Devonta Freeman’s 2015 Campaign
And then there’s Devonta.
Here are the first two years of his career:
• 2014: 16 games, 248 total rushing yards, 3.8 yards per carry, 5.52 DK points per game, +0.51 average Plus/Minus
• 2015: 15 games, 1,056 total rushing yards, 4.0 yards per carry, 22.06 DK points per game, +6.48 Plus/Minus
After that 2014 season the Atlanta Falcons drafted Indiana running back Tevin Coleman in the third round and it looked like he was going to supplant what had been a disappointing Freeman thus far.
I don’t have season comparisons for Freeman in 2014, but I can’t imagine the comparable list for a player who averaged 15.5 rushing yards per game on a sub-average 3.8 YPC rate would be stellar.
Freeman: Posterior
I believe Beckham and Freeman are both informative (yet different) cautionary tales about priors in football. This isn’t to say that Bayes’ ideas on probability don’t work for football; they most certainly do. A Bayesian model is one that 1) starts with a prior probability but also 2) adapts to new information. Both are important and Beckham and Freeman are great examples of how we can make mistakes in the Bayesian process.

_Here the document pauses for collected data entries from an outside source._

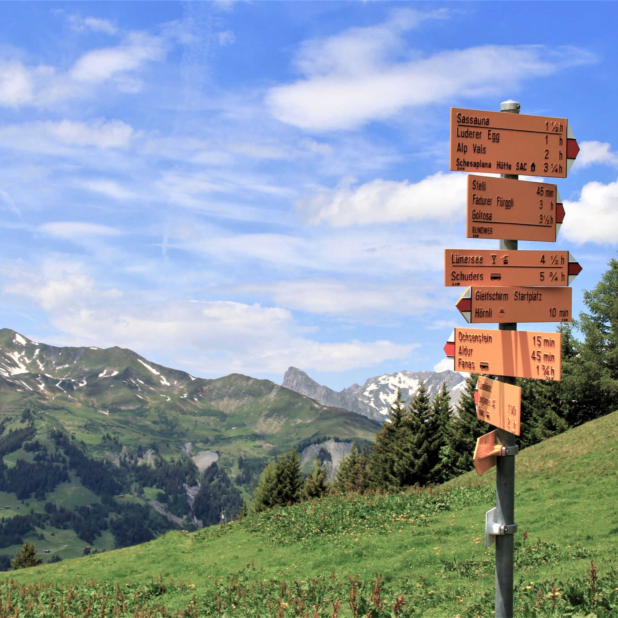 From the mountain station of the Luftseilbahn Fanas a singletrail passes high moor over alpine pastures uphill to Luderer Egg. On this ridge you turn sharply right into a wide basin, which you first cross downhill and then with constant ups and downs. Then it goes downhill longer to the Valser Bach, over which a small wooden bridge leads. Past Vordersäss it goes towards Golrosa. Here fantastic views open up of the Kirchlispitzen and Drusenfluh. At Fadurer Fürggli we switch to the other side of the mountain ridge, where a meadow path with many steep ascents leads back to the SE ridge of the Sassauna. Past the huts near Huoben it goes back over an alpine path to the mountain house Sassauna, which is located directly next to the starting point.
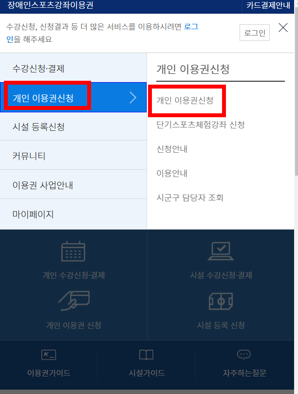 - 스포츠강좌이용권 사이트에서 온라인 신청이 가능합니다.
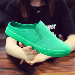 帆布鞋 男式 平底低帮一脚蹬懒人鞋 青年韩版 2024夏季 休闲男鞋 半拖鞋
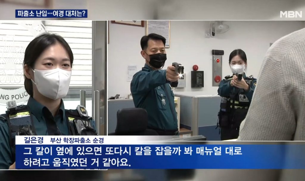 부산 사상경찰서 학장파출소에서 근무하는 20대 새내기 여경이 흉기 든 40대 남성이 대뜸 파출소 안으로 들어오자 대응한 영상이 알려져 화제다.
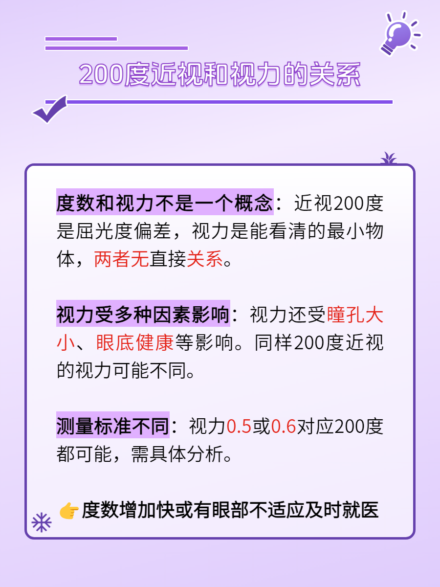 1️⃣度数和视力不是一个概念:近视200度表示眼睛的屈光度有200度的偏差,但视力是指在一定距离下能看清的最小物体大小。🔍度数和视力之间没有直接的等量关系。❌
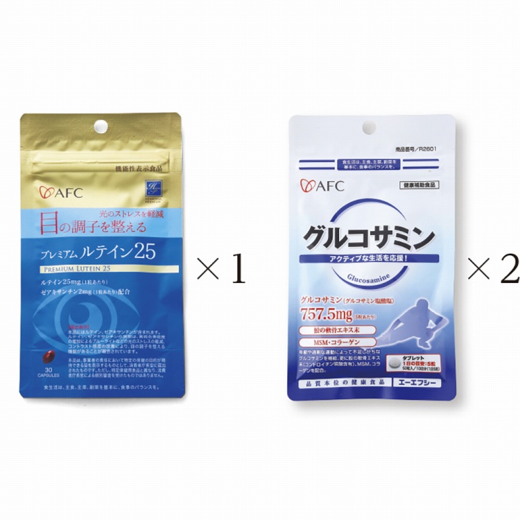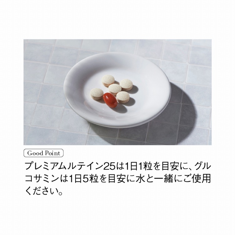 商品内容●セット内容:プレミアムルテイン25_13.65g(455mg×30粒)×1、グルコサミン_15g(300mg×50粒)×2
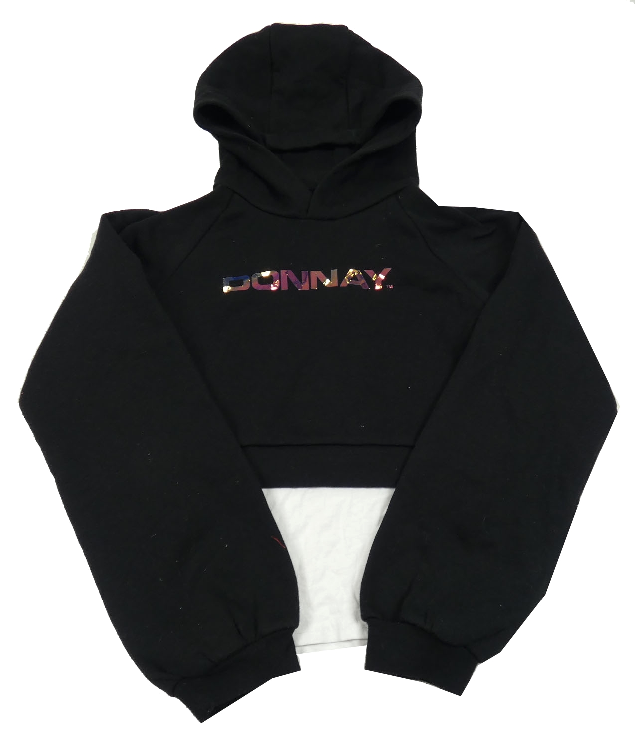 Černá crop mikina s nápisem, všitým topem a kapucí Donnay
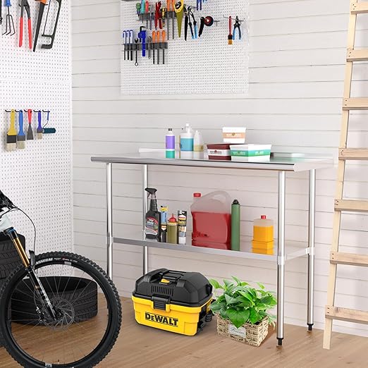 - All-Purpose Utility: Whether you're a home cook or a pro in a commercial kitchen, this table is up to the task. It's suitable for both indoor and outdoor use, from home kitchens to restaurants, bakeries, butcher shops, patios, garages, laundry rooms, and more
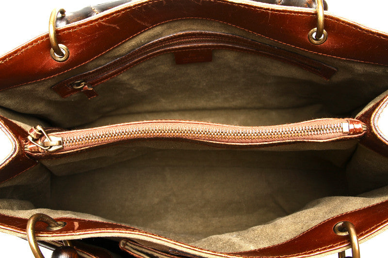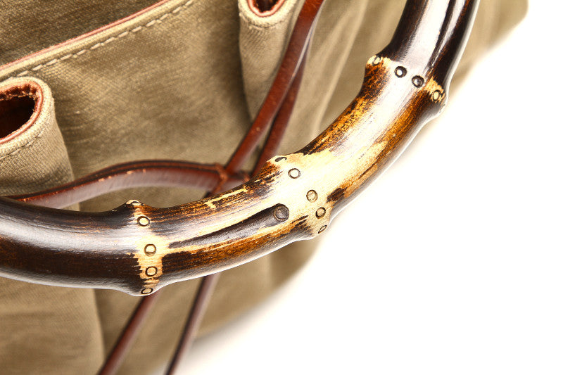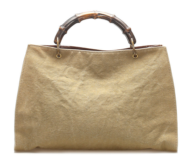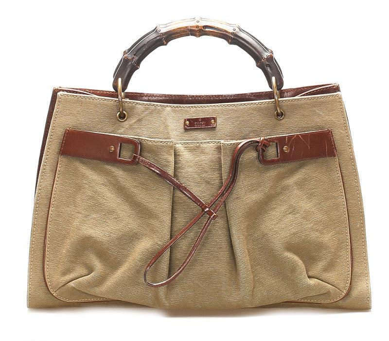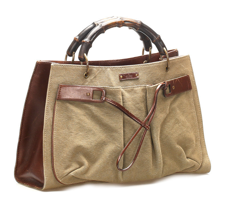 グッチ バンブー 109138 カーキ ブラウン キャンバス レザー ハンドバッグ レディース GUCCI 中古

For Freeman, all the people who didn’t believe in him last year weren’t wrong because they improperly analyzed the type of player he is. In fact, his final YPC last season of 4.0 was pretty similar to the mark from his disappointing rookie season. Rather, the mistake made with Freeman was on which prior is important. I believed that efficiency was an important prior that impacted Freeman’s probability of being a fantasy-relevant running back. But that’s not what matters, because we know that for RBs what matters — almost entirely what matters, in fact — is opportunity.

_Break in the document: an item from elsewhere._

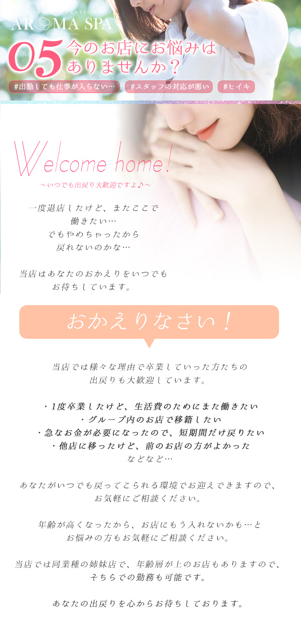 アロマSpa富山店の求人サイトをご覧いただきましてありがとうございます♪
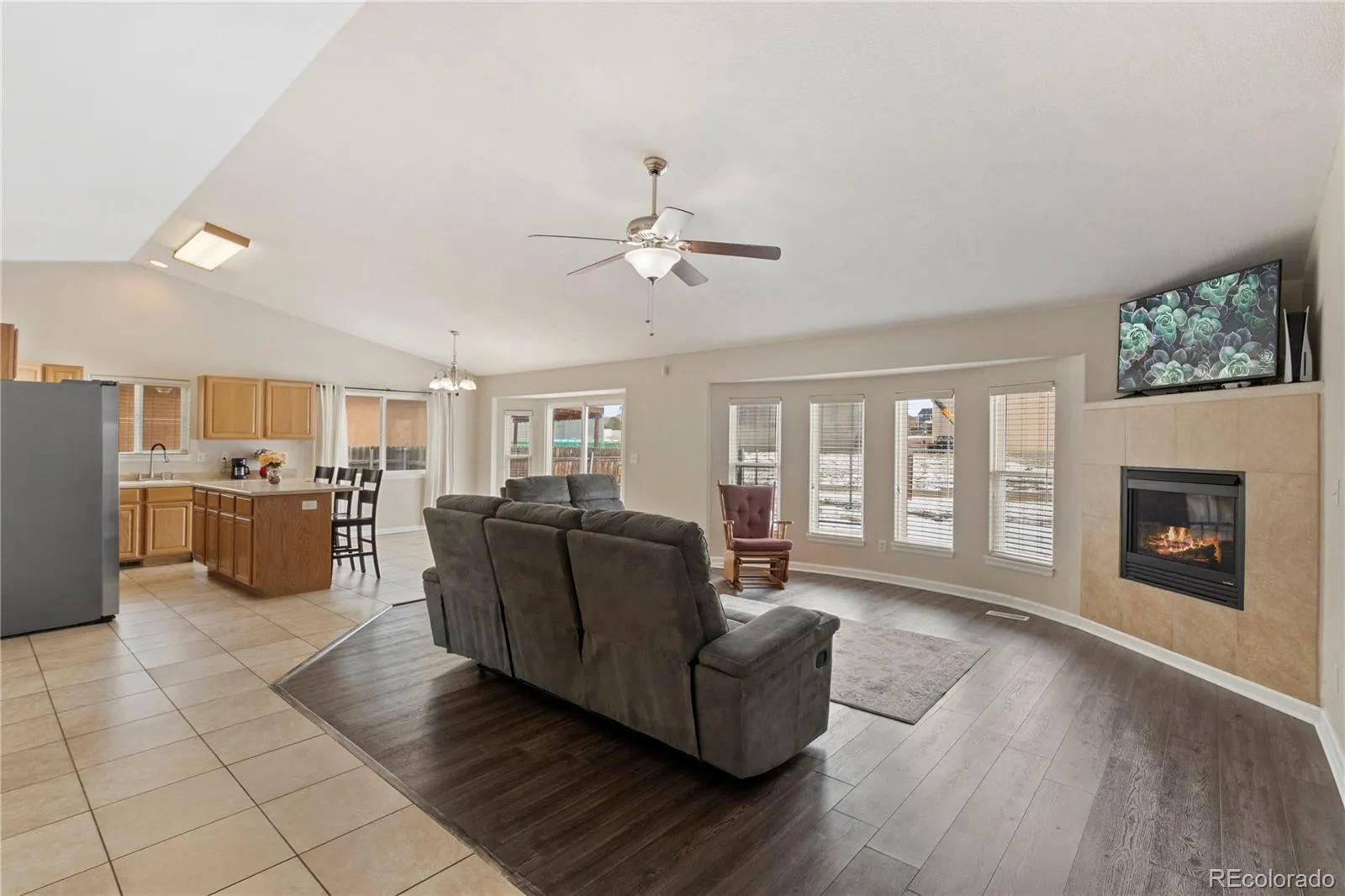 Welcome to this beautifully designed ranch-style home, where comfort meets functionality. Step into the foyer and make yourself at home before entering the inviting great room, featuring vaulted ceilings, a cozy gas fireplace, and large windows that fill the space with natural light. The open-concept kitchen is a chef’s delight with an island offering seating and storage, ample cabinetry, and tile flooring. The adjacent dining area provides walkout access to a spacious patio, ideal for outdoor gatherings and entertaining. The main-level primary suite is a serene retreat, boasting two closets (including a walk-in), a 5-piece en suite bathroom, and private walkout access to the back patio. A secondary main-floor bedroom features a charming bay window with a window seat overlooking mountain views, and a full guest bathroom completes the main level. The fully finished basement is an entertainer’s dream offering a massive family room with a gas fireplace, two additional bedrooms, and a bathroom with dual sinks and a large linen closet. You’ll also find a dedicated laundry room and an oversized storage closet for all your organizational needs. The basement has been finished with brand new carpet throughout. Outside, the backyard boasts a generous patio, the perfect setting for memorable dinner parties or relaxing evenings with loved ones. Additional features include a 2-car garage, a smart home security system, and a seller-owned solar panel system for energy efficiency. With its well-planned layout and thoughtful upgrades, this home is ready to welcome you!

The analysis of Freeman-the-Player wasn’t incorrect; the analysis of Freeman-the-Situation was.
OBJ: Posterior
Beckham represents the other cautionary tale about probabilities and football — that is, dealing with small samples and being slow to adapt to new information. And this is a trickier issue: How do you take data from a small sample and use it for future prediction?

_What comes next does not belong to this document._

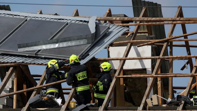 △波蘭盧布林地區(qū),消防員聚集在一座被無人機損毀的房屋屋頂上進行檢查。

Unfortunately, there isn’t a perfect answer to this question. Football players just have incredibly small samples; having a ‘significantly significant’ sample is typically defined as having a 95 percent confidence threshold. You can see why you’d need even a large sample of coin flips for a sample size to be statistically significant, let alone a complicated, entangled sport like football.
This is why probability is better depicted in normal distribution graphs. Here’s an example that I’m completely making up off the top of my head. Let’s say I want to find how far I can consistently shoot an arrow. So I get a bow, shoot 200 arrows, and record my data points. In this hypothetical scenario, here’s how those arrows were distributed by a range of feet:
After 200 shots, we would say that I can consistently shoot an arrow between 30 to 40 feet. We could do this with coins and measure how many heads and tails we have after 200 flips. We could do it in our Trends tool with Devonta Freeman’s 2015 and 2016 games:
You see the problem. If a simple test such as flipping the coin — a test that has zero other variables — requires such a large sample size to deem it statistically significant, what about football? On the scale of football players and coin flips, a running back’s entire career is about three flips into a 100-flip sample. You could get three heads, three tails, or some other combination.
I’m not trying to discourage anyone from attempting to predict football by any means. And since this is a DFS article and we’re a DFS site, let me end with this: Knowing about the probability issues is the entire point; it’s how to find the edge. It’s what will allow you to find the priors that matter and adapt quicker to more meaningful data. In a sport that isn’t predictable, use its unpredictably to your advantage.
And in the case of Beckham and Freeman, roll with Beckham and fade Freeman. I think? Who knows.